The committee which later set up a technical sub-committee which would in collaboration with the Bureau of Public and Enterprise (BPE), and Infrastructure Concession Regulatory Commission (ICRC), recommended the involvement of the private sector in the management and operations of the six federal stadia in the country with concession as the most sustainable approach.

The technical sub-committee then recommended that the concession of the federal stadia should start with the National Stadium in Lagos.

During the reign of Mallam Bolaji Abdullahi as sports minister, he expressed worry over the state of the edifice.

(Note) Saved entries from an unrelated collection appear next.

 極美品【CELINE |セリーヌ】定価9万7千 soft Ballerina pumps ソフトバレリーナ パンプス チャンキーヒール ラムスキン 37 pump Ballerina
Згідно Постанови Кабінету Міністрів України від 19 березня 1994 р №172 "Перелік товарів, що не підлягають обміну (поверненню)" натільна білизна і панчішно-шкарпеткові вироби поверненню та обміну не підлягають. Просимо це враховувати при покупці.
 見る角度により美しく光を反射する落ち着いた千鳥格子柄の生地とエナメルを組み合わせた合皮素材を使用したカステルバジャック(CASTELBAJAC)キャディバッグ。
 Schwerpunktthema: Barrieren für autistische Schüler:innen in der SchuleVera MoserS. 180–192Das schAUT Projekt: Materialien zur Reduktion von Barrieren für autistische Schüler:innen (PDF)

In 2014, Abdullahi said: “A lot has been invested in the National Stadium, Lagos, but it has been wasting over the years and we should not allow that to continue. The target is to complete the process {concession} within the next six months.”

Since January 2014 when the idea to concession the federal stadia was approved by the presidency, nothing has changed, save for the bid by the Lagos State government in March last year.

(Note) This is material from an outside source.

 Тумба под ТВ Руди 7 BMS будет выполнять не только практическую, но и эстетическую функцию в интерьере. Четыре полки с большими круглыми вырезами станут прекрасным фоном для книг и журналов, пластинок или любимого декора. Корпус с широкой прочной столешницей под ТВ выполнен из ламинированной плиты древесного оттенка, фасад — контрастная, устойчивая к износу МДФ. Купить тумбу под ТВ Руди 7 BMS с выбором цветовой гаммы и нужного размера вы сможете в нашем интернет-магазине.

Governor Akinwunmi Ambode after an extensive inspection tour of the stadium facilities alongside the Minister of Youth and Sports, Barrister Solomon Dalung and the president of the Nigeria Football Federation (NFF), Mr Amaju Pinnick, announced the bid to take over the stadium.

“With the state of affairs here, we cannot fold our arms and just leave this monument to just waste away. The last match that was played here was about 15 years ago, but the truth is this, the inner key to youth empowerment and youth employment is actually in re-establishing this edifice to its real world-class standard,” Ambode had said after the visit

Also, Dalung in his remarks, decried the state of the 45-year-old stadium, just as he expressed confidence in the ability of Lagos State to transform the edifice.

“We have gone round and we have seen the edifice in a sorry state. Whatever we can do to arrest the situation, we must do it. In my village, there is an adage, which says once there is fire disaster, there is no choice of liquid and any liquid that can contribute to extinguish the fire must be mobilised, including liquor. Today, we have a disaster and we must do everything possible to extinguish it.

“I want to thank the governor [Ambode] for finding time to come. I have received what I can call football gossip from football federation, that if the stadium is handed over to Lagos and renovated in six months, the next match of Nigeria against Zambia (2018 FIFA World Cup qualifier) will be played here,” Dalung had said.

A week after the declaration of Lagos State to bid for the stadium, some “powerful interests” were believed to have lobbied some National Assembly members to abort the Federal Government’s plan to hand over the stadium to Lagos.

Mr Deji Tinubu, special adviser on Sports to governor Ambode a few days ago said, “Lagos State is waiting for a positive response from the Federal Government [on the bid]” adding that, “the state will be patient”.

Perhaps to stakeholders who believe in privatisation of public facilities for efficiency, they won’t but continue to ask when will Lagos State take over the sports city?